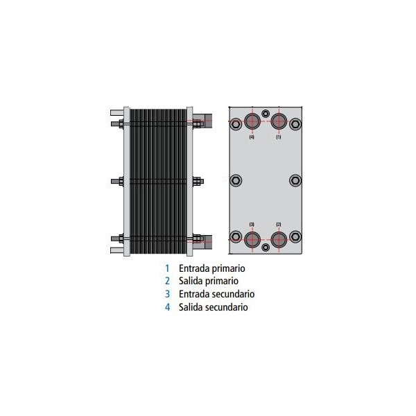 Fabricación a medida en función de las temperaturas de entrada / salida y caudal de los fluidos que circularán por los dos circuitos que lo componen.
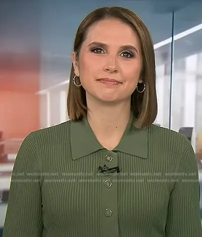 Elizabeth Schulze on Good Morning America on ABC was spotted wearing this green ribbed dress on Good Morning America on Feb 12 2026's episode. Elizabeth's Dress is the Lauper Ribbed Dress by Veronica Beard.
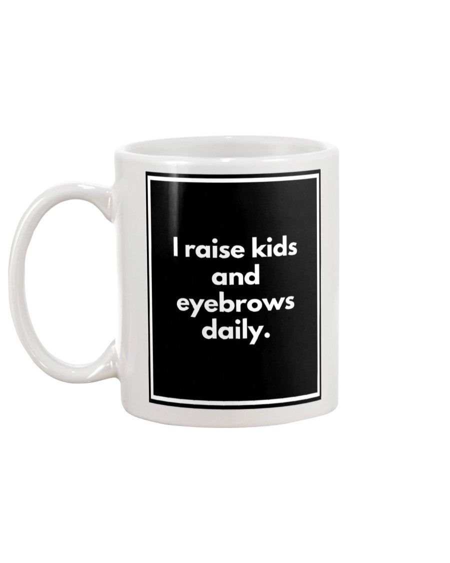 Funny Mom Coffee Mug - I raise kids and eyebrows daily.
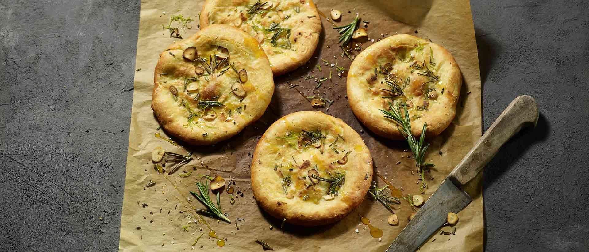 3. Den Teig zu 6 dünnen Fladen formen und mit der geklärten Butter einstreichen. Den Rosmarin und den Knoblauch darüberstreuen. Im Ofen auf Backpapier bei 250 °C für 6-8 Minuten goldbraun backen.
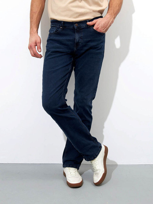 Мужские классические джинсы с пятью карманами. Посадка Slim fit (облегающие по бедру), средняя высота талии. Застежка на молнии. Немного зауженные к низу. Выполнены из эластичной ткани denim stretch, цвет ткани Blue/Black(лицевая сторона ткани темно-синяя, изнаночная сторона- черная). . Темная стирка "stone wash" со слабовыраженными потертостями и "усами" спереди и потёртостями сзади.
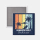 Personalised navy blue beach magnet keepsake for your family trip to Hawaii, Florida, or other tropical island destinations. Cool palm trees sway against retro colours of orange and yellow above your customised vacation name in white script. Matching gifts are great for a group going on a cruise or coastal getaway.
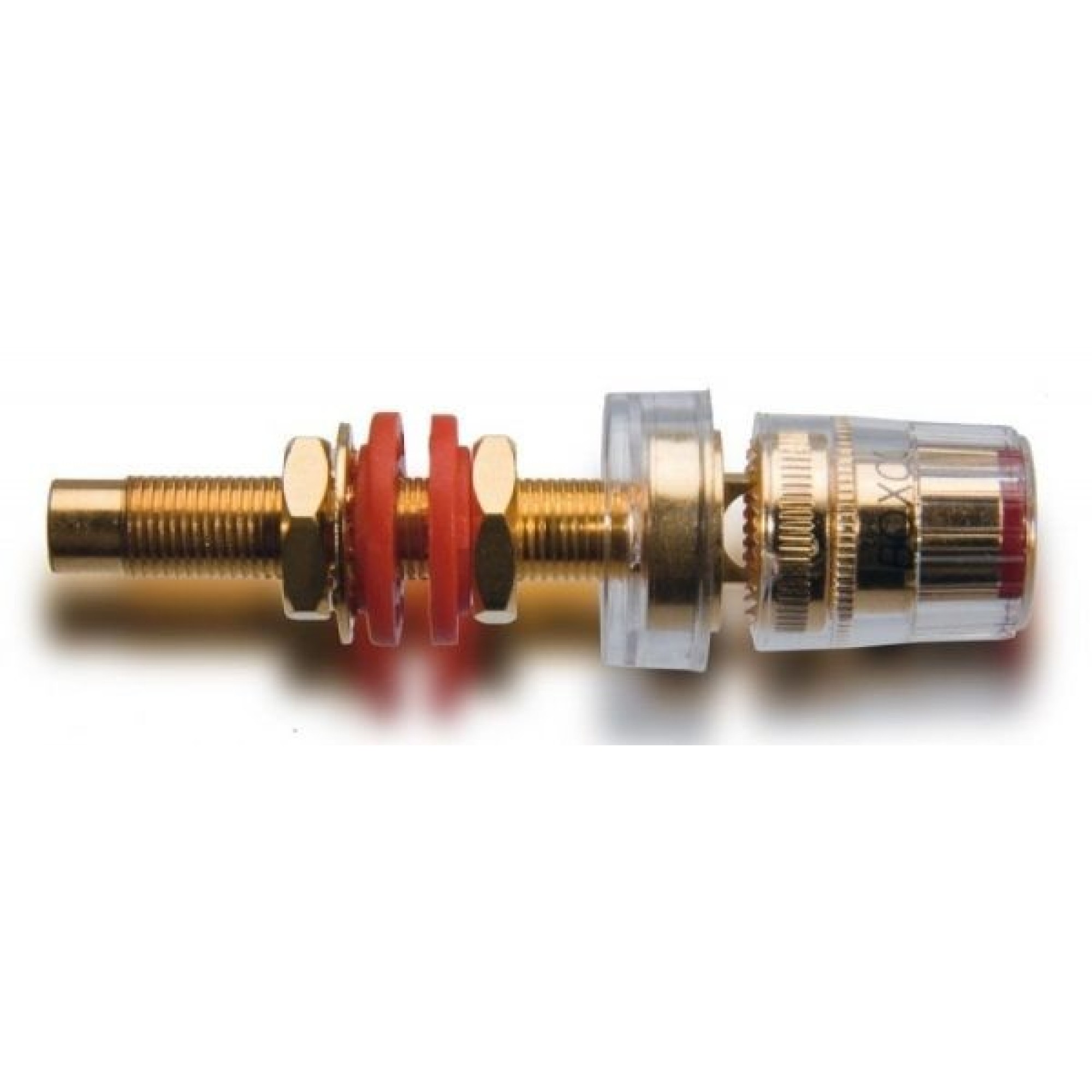 24K gold plated, robust och lavish chassis speaker connector for maximal wire crossection area of 10 mm2. Accepts also fork and BFA/banana. Suitable for a maximal speaker cabinet thickness of 29 mm. Also possible to use in an amplifier chassis. Red or black to distinguish polarity. In addition to the excellent conductivity, they are a true uplift as a luxurious speaker upgrade or as first choice for the self made speaker.

▶ **WORK REQUEST**:
The records above are to be retyped exactly, with every picture left out.

▶ **EXERCISE SOLUTION**:
 Fabricación a medida en función de las temperaturas de entrada / salida y caudal de los fluidos que circularán por los dos circuitos que lo componen.
 Elizabeth Schulze on Good Morning America on ABC was spotted wearing this green ribbed dress on Good Morning America on Feb 12 2026's episode. Elizabeth's Dress is the Lauper Ribbed Dress by Veronica Beard.
 Funny Mom Coffee Mug - I raise kids and eyebrows daily.
 3. Den Teig zu 6 dünnen Fladen formen und mit der geklärten Butter einstreichen. Den Rosmarin und den Knoblauch darüberstreuen. Im Ofen auf Backpapier bei 250 °C für 6-8 Minuten goldbraun backen.
 Мужские классические джинсы с пятью карманами. Посадка Slim fit (облегающие по бедру), средняя высота талии. Застежка на молнии. Немного зауженные к низу. Выполнены из эластичной ткани denim stretch, цвет ткани Blue/Black(лицевая сторона ткани темно-синяя, изнаночная сторона- черная). . Темная стирка "stone wash" со слабовыраженными потертостями и "усами" спереди и потёртостями сзади.
 Personalised navy blue beach magnet keepsake for your family trip to Hawaii, Florida, or other tropical island destinations. Cool palm trees sway against retro colours of orange and yellow above your customised vacation name in white script. Matching gifts are great for a group going on a cruise or coastal getaway.
 24K gold plated, robust och lavish chassis speaker connector for maximal wire crossection area of 10 mm2. Accepts also fork and BFA/banana. Suitable for a maximal speaker cabinet thickness of 29 mm. Also possible to use in an amplifier chassis. Red or black to distinguish polarity. In addition to the excellent conductivity, they are a true uplift as a luxurious speaker upgrade or as first choice for the self made speaker.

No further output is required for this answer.